**MATERIAL FOR THIS EXERCISE:**
------------------------------------------------------------------------
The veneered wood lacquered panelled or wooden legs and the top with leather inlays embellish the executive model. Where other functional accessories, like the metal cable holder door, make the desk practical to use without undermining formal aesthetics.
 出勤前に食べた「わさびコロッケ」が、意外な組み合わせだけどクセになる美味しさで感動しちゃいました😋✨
------------------------------------------------------------------------
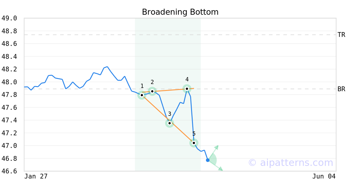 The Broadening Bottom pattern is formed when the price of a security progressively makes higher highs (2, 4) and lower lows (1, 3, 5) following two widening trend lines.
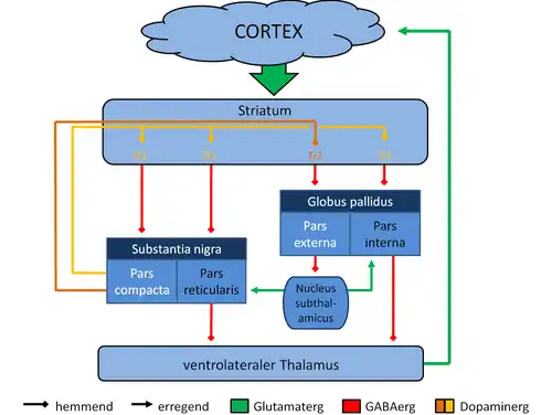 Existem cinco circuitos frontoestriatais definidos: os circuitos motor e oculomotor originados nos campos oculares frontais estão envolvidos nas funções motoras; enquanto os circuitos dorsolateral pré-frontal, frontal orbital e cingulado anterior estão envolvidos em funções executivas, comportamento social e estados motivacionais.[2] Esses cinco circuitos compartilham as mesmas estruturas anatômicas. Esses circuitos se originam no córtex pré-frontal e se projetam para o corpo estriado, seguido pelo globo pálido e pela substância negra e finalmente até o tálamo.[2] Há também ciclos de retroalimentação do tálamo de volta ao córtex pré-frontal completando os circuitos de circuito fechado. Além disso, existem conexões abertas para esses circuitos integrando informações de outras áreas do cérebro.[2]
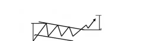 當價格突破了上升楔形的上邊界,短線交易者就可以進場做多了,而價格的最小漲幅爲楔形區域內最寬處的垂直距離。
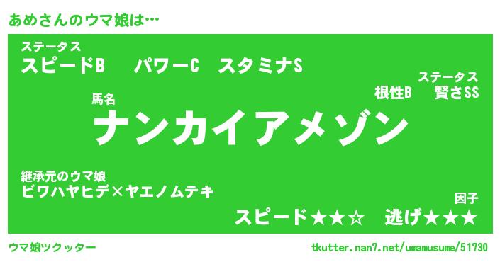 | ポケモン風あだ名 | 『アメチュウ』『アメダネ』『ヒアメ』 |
------------------------------------------------------------------------
**TRY IT:**
Of the lines above, output exactly those from the line bearing "The veneered wood" through the line bearing "出勤前に食べた「わさびコロッ", inclusive.

**EXERCISE RESPONSE:**
The veneered wood lacquered panelled or wooden legs and the top with leather inlays embellish the executive model. Where other functional accessories, like the metal cable holder door, make the desk practical to use without undermining formal aesthetics.
 出勤前に食べた「わさびコロッケ」が、意外な組み合わせだけどクセになる美味しさで感動しちゃいました😋✨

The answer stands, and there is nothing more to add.